A budget monitoring report showed higher-than-expected pay rises for employees and increasing energy costs as being the largest contributors.
Leader Gerald Vernon-Jackson said it faced "significant financial pressure".
"We expected a level of increase but not to the extent we've seen and the recent economic problems have made that even more difficult," he added.
"We will work to make sure we can deliver a balanced budget over the coming months but I don't see any government support coming our way."
The report showed the council's overspend would be even higher had it not had almost £5m in contingency funds to draw down from this year, according to the Local Democracy Reporting Service.
'Big worry'
The council's pay award this year - a flat £1,925 increase - is expected to work out at an average pay rise of just over 6% per employee and amounts to £3.8m more than the 2.5% it budgeted this year.
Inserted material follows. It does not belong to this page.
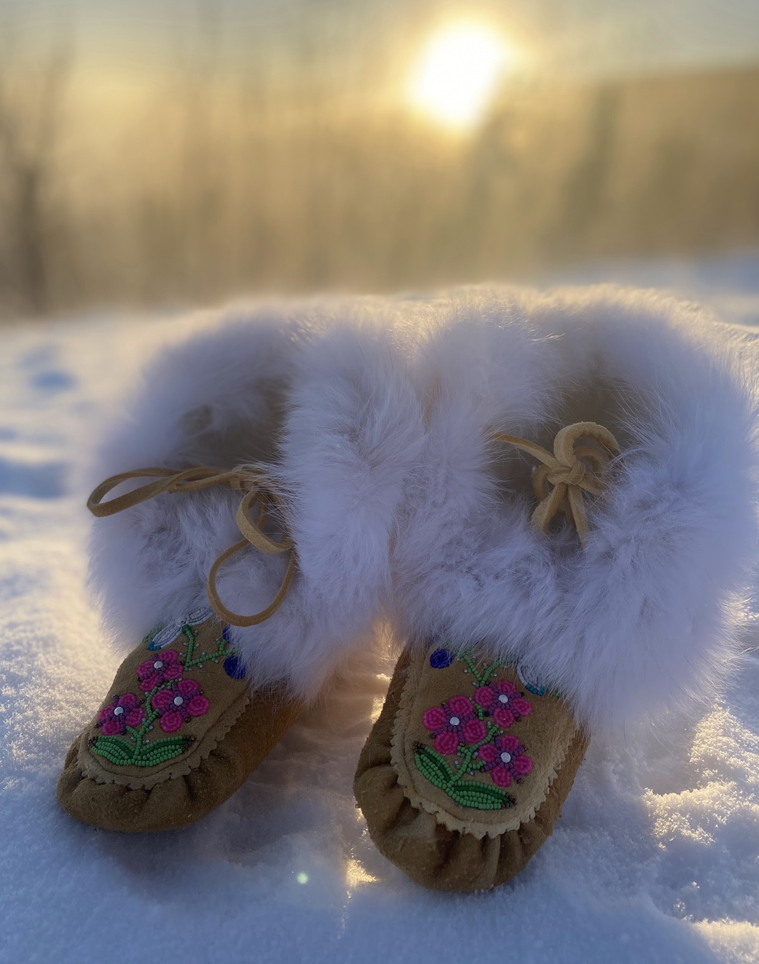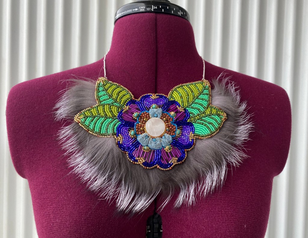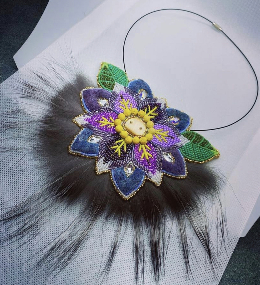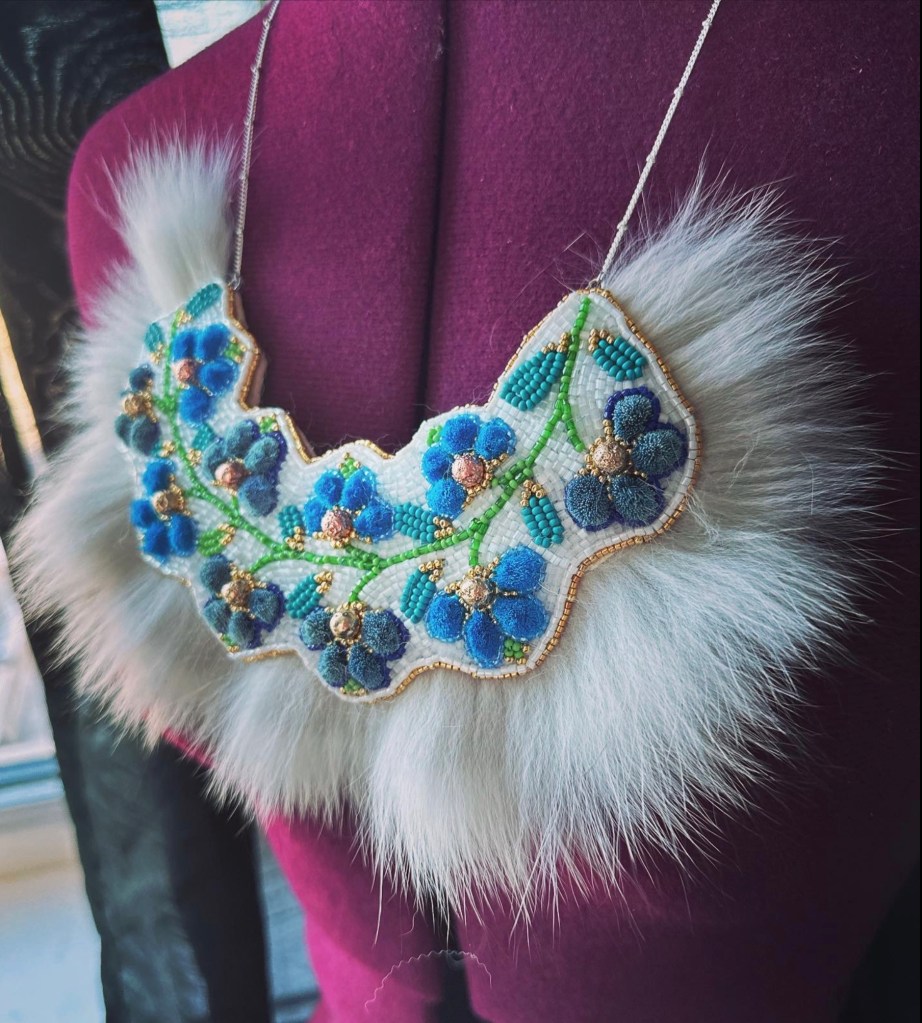 Natasha had started Kaska Dena Designs as a hobby seven years ago while she had attended college to upgrade her skills to become a nurse. During this time of life, she was in a dark spot of her life, she didn’t know where she was going or what her purpose was in life. She was fighting addictions at the time, a year had passed by, then two years and little did she know, her creations and Dena skills were healing me. So, when she had realized this – she stuck it out and continued creating. Her sewing skills that were taught from her elders, who are no longer alive today, her grandparents who I cherish and admire are no longer alive.
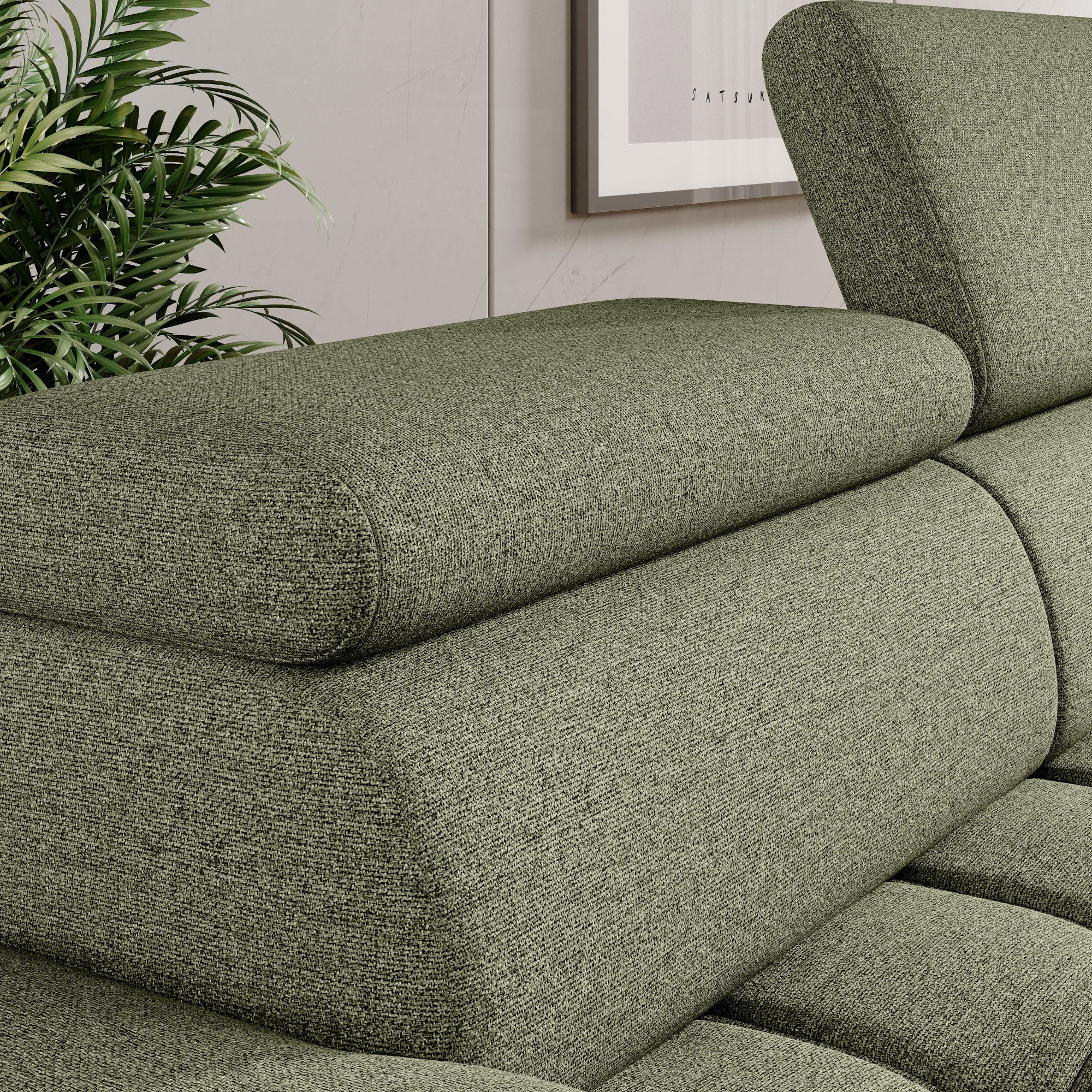 Sedadlo je tvorené pružinovým jadrom a polyuretánovou penou a ponúka mäkké sedenie s prirodzenou oporou. O to pravé pohodlie sa postarajú aj polohovateľné opierky hlavy. Vysoké kovové nôžky oceníte aj z praktického hľadiska. Priestor pod gaučom zostáva ľahko dostupný, a tak aj podlaha pod ním sa ľahko udržuje v čistote. Celočalúnené vyhotovenie vám dovolí umiestniť sedačku do priestoru aj ku stene.

Rising energy prices have added a further £1.8m.
The council's director of finance, Chris Ward, said the current economic issues facing the country were likely to hamper long-term cost-cutting measures.
"Inflation is the big worry," he said.
"If the response is to raise interest rates then the opportunities for any invest-to-save schemes are more difficult because the cost of borrowing is rising."
He said the authority had "sufficient financial resilience" to accommodate the overspend, but at least £4.5m of that would continue into future years.